Luna blinked slowly. “Why wouldn’t they like you using it?”

“Because it doesn’t always reveal the face of a murderer,” Ginny said bitterly, thinking about the ugly secrets dragged to light last year. “Sometimes the victim died painlessly, and we find out this way that their husband was abusing them or something. Or a relative of the Minister tried to kill them even though he didn’t actually succeed.”

“But it’s important to know these things.”

Ginny smiled quickly at her, loving the way Luna stood outside all politics. “Of course it is. But also embarrassing sometimes.”

“What does that matter?”

 _Luna probably has no idea what embarrassment even is,_ Ginny decided fondly as she raised her wand and cast the spell. “ _Dolor verus tuus._ ”

There was a moment of intense vertigo when Ginny felt the world dance around her, assuming swirling colors of green and grey. She had time to draw in her breath for one warning to Luna before the pain grabbed her, and she saw—

The looming shape of a camelopard, and this time, a human figure behind it—

And something lashed her in the side so hard she screamed, and collapsed to the floor, without even the foresight to cast a Cushioning Charm.

She found out later that Luna’s hands were the ones that had kept her head from merciless impact with the floor.


	4. Wake to Visions

“You should not have used that spell.”

Ginny swam out of darkness, only to immediately turn to the side and vomit. There was little in her stomach, which made the whole situation rather pathetic, she thought. Of course this would happen the first time she used the spell in a year and it actually told her useful information.

And it wasn’t even the gore in the vision that had upset her stomach.

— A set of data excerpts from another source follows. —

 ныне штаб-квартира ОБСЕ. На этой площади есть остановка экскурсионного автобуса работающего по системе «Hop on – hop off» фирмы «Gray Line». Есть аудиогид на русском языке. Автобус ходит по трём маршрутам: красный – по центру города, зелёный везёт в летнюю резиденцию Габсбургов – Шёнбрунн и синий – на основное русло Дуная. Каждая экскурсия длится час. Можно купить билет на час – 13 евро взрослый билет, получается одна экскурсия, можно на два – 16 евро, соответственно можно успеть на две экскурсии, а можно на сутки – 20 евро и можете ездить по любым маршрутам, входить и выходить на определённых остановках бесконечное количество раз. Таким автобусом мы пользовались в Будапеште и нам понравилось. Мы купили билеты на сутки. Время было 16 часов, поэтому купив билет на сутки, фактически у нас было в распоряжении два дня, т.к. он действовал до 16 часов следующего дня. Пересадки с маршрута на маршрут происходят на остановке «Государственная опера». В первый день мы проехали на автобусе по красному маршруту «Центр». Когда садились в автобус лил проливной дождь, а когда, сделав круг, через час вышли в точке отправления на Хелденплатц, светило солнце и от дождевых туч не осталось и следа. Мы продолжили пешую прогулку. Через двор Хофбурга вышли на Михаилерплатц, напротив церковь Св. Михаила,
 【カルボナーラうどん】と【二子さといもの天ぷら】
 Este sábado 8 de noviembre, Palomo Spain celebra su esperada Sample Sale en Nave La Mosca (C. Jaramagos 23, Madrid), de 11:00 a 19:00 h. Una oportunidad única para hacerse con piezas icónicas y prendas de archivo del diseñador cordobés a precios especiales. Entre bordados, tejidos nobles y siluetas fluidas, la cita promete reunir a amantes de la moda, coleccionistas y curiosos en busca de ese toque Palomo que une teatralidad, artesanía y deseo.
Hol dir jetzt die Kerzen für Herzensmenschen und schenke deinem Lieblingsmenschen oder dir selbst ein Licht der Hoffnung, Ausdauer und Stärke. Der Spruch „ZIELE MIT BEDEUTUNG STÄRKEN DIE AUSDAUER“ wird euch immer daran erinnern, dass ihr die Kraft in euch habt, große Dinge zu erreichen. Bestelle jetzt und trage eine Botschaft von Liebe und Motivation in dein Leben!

It was the sheer stress of the magic. She hadn’t realized how much her body had become accustomed to _not_ using that particular spell.

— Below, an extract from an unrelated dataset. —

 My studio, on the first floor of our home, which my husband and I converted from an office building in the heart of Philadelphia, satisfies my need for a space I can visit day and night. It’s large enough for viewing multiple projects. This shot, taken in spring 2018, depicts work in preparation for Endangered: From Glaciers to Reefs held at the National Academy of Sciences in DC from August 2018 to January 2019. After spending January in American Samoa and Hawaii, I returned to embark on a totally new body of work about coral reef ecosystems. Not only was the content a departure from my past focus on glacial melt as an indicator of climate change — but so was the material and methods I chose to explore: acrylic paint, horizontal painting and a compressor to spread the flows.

“You should not have used that spell.”

About to make a rude gesture to tell Auror Wood exactly what she thought of his opinion, Ginny paused. That honestly didn’t sound like his voice. She rolled a little to the side and opened her eyes slowly.

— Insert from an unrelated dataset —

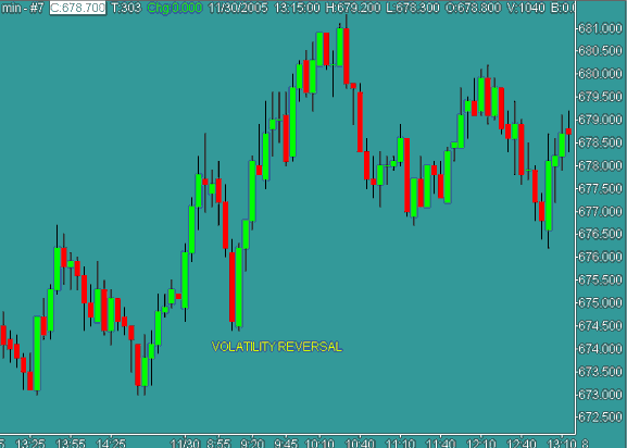 Poslední ze způsobů využití svíčkových grafů je způsob, který jsem nazval volatility reversal. Jedná se o poměrně spolehlivý způsob rozpoznání otočení aktuálního trendu, který dobře funguje v rámci daytradingu, převážně během prvních dvou obchodních hodin.
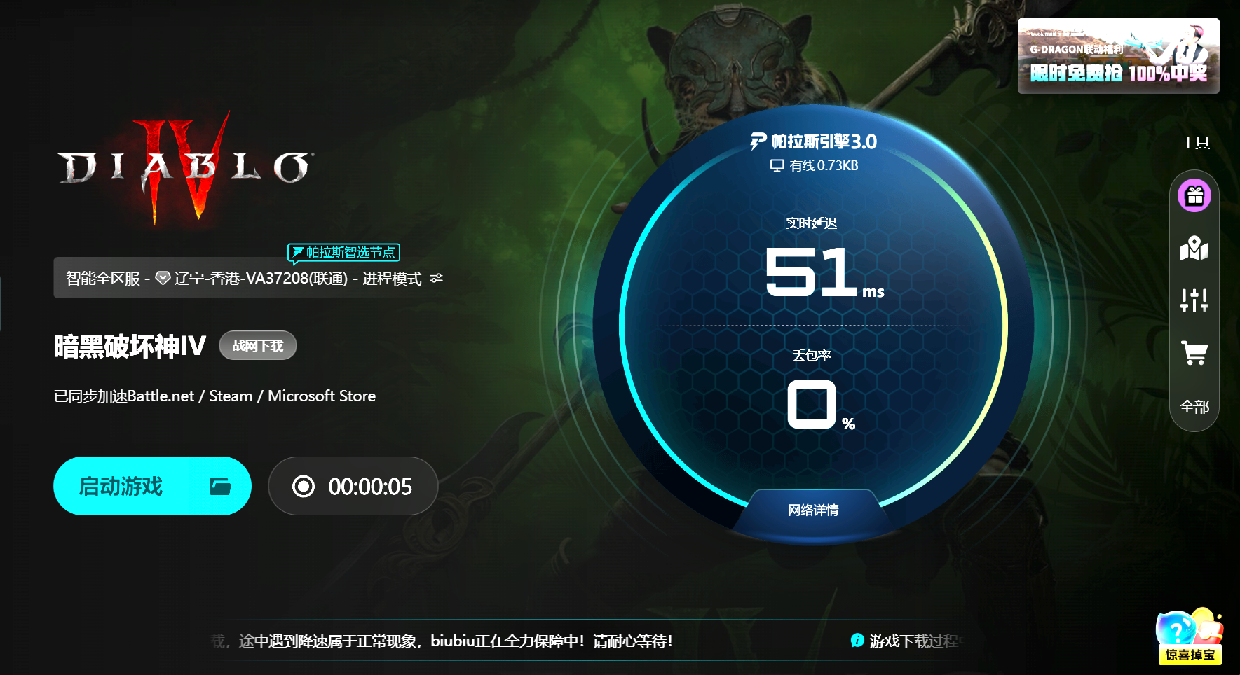 從操作體驗來看,biubiu加速器依舊保持著簡潔直觀的設計。玩家只需啟動客戶端,在搜索欄輸入“暗黑破壞神4”,選擇對應的加速模式后點擊一鍵開啟,系統(tǒng)就會自動完成網(wǎng)絡優(yōu)化,全程無需繁瑣設置。整個過程不到幾秒鐘,新手也能輕松上手,馬上投入游戲體驗。

Luna stood over her, hands under her head. Ginny rapidly deduced she was on an expanded table beside the body of Romula Lestrange. She stared at the exposed wound under the Stasis Charm and shivered. It was worse now that she had felt Lestrange’s pain as the camelopard literally tore into her.

“You should _not_ have used that spell.”

Yes, it was Luna. Ginny looked up at her and shook her head in wonder, trying not to revel in how the back of her hair felt against Luna’s fingers. “But why? You said I should use it, that it was important to know the truth.”

“It hurt you.”

“Well, I knew it was going to hurt me. I mean, I feel someone else’s pain. I just didn’t expect the upset stomach I got.”

“It was not a good idea, not if it hurt you. I did not understand, not clearly.”

Ginny reached out to squeeze Luna’s hand. She sounded hard and determined and distraught in a way Ginny had never heard, except for once when a Kneazle kitten she’d been taking care of had got trampled by a unicorn she was also caring for. “I’m sorry, Luna. But I’m okay now, and I do have answers.”

“What are they?”

Ginny started. Even if she _felt_ alone with Luna as they talked to each other, it clearly wasn’t true. She made some effort to compose her face and sit up to look at Auror Wood. Luna continued cradling the back of her head all the way up and kept on doing it once she was steady and upright, too. Ginny coughed to cover her embarrassment and pleasure.

“It was definitely the camelopard. And there was someone with it. A human figure.”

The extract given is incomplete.